Ambulance offload performance, patient characteristics and disposition for patients offloaded to different areas of the emergency department

Affiliations
Observational Study

Ambulance offload performance, patient characteristics and disposition for patients offloaded to different areas of the emergency department

James L Mallows et al. Emerg Med Australas. 2025 Feb.

Abstract

Objective: Ambulance transfer of care (TOC) is a key performance indicator for New South Wales EDs, with 90% of ambulances to be offloaded within 30 min of arrival. Nepean Hospital ED has a number of strategies to improve TOC, including ambulatory areas where patients can be offloaded immediately. Offload data are supplied by ambulance and there is no study into its accuracy. The aim is to audit the accuracy of ambulance data of TOC compared to times recorded in the Nepean ED information system, and to examine TOC and patient demographics for different offload destinations.

Methods: A retrospective observational study was performed for patients presenting by ambulance between 1 July and 31 December 2022. TOC was calculated from FirstNet and compared to ambulance data using a paired-sample t test.
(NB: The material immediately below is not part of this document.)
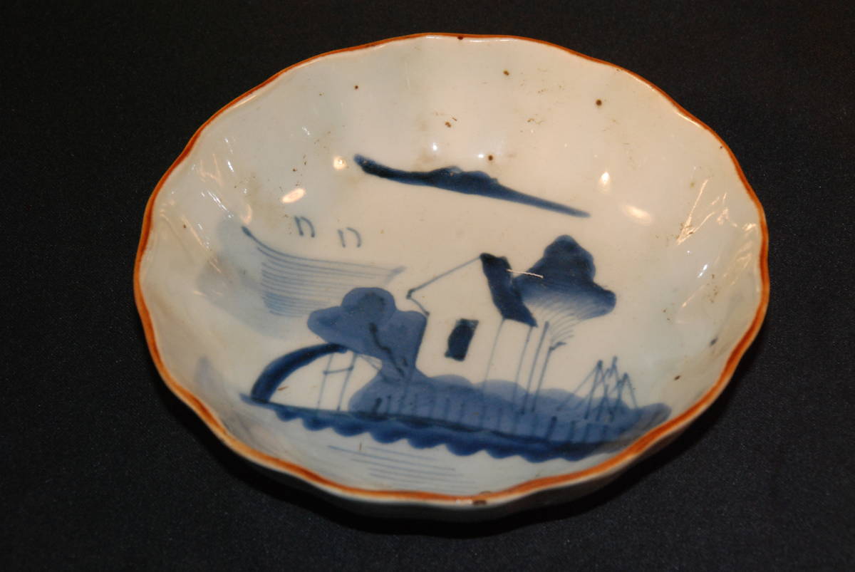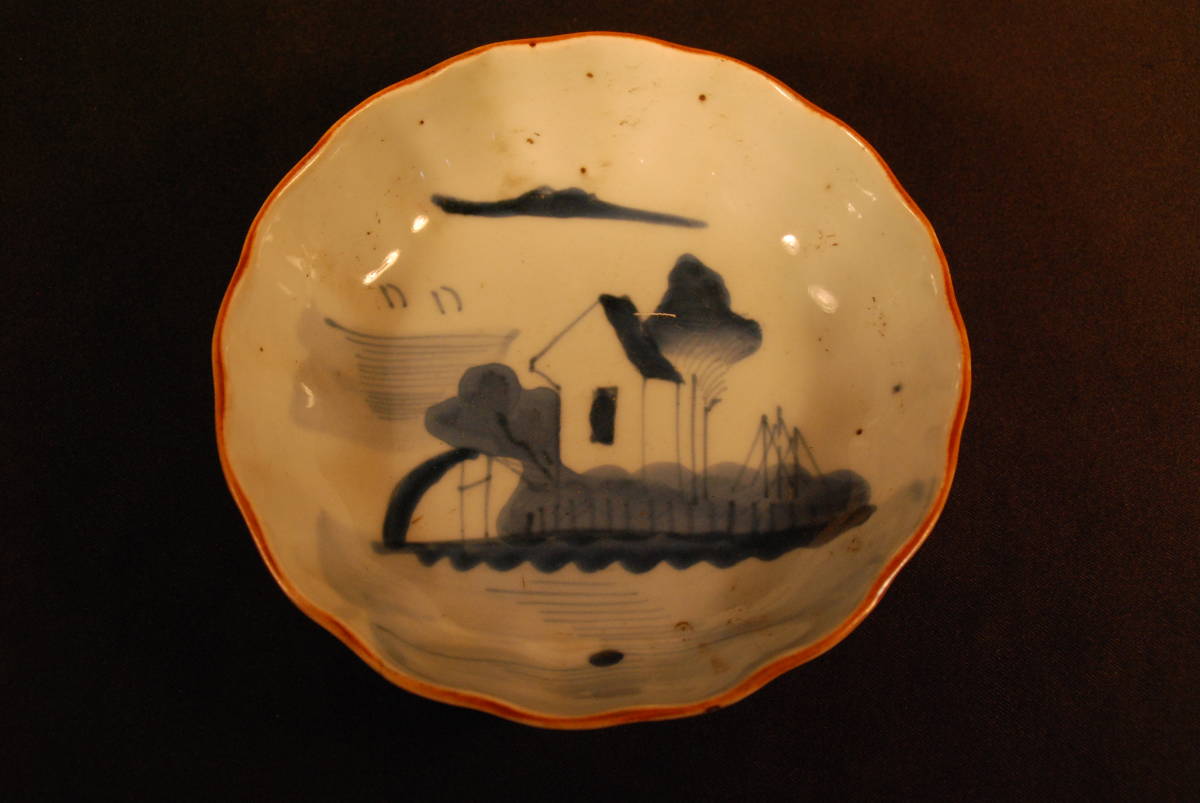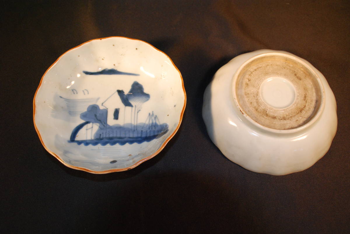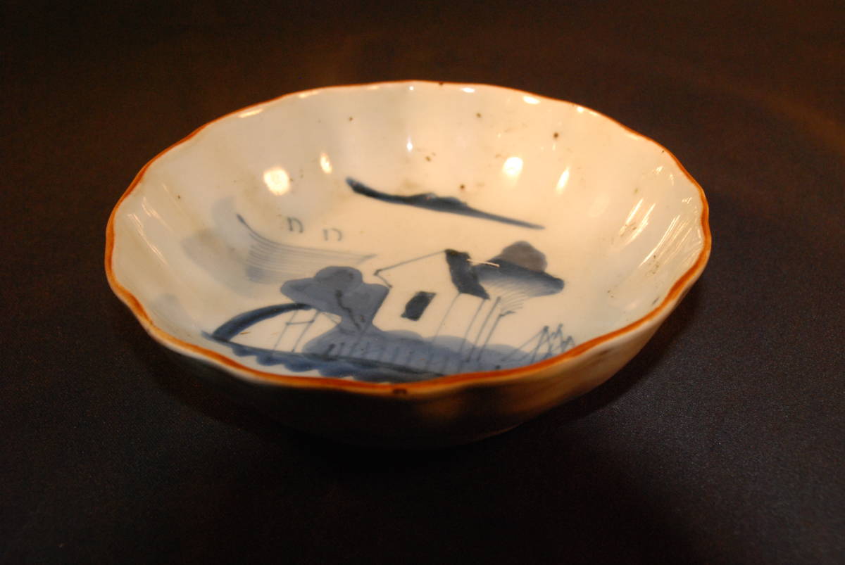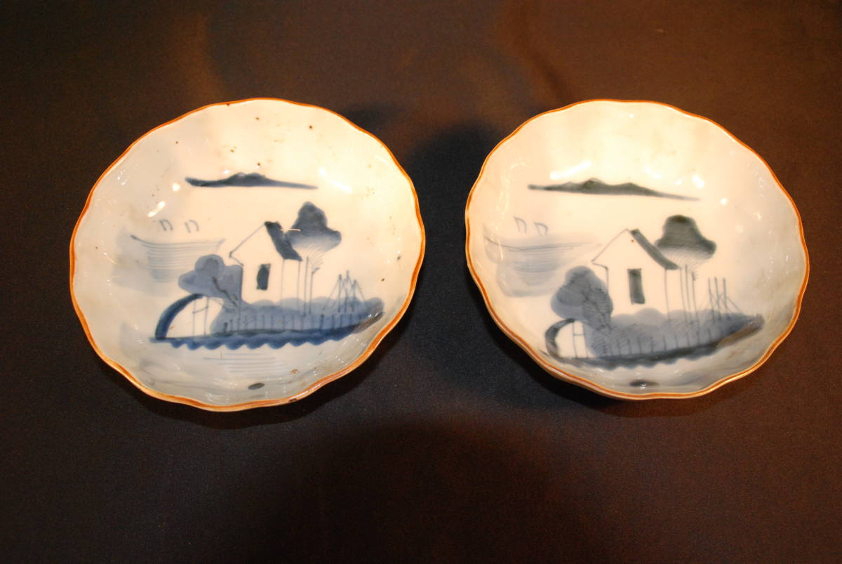 手書きの染付皿二枚です。風景が手書きで描かれています。

Patients were categorised by offload destination within the ED and examined for age, TOC, disposition and specialty team if admitted.

Results: TOC for ambulance and ED data was 60.8% versus 64.1%, respectively (difference 3.33%, P < 0.001). Patients offloaded to acute care were older, with 61.9% being >65 years; had a TOC of 37.3% compared to the resuscitation and ambulatory areas with TOC close to 90%; and were likely to be admitted with a 63.8% admission rate and 24.1% of admissions being under the geriatric service.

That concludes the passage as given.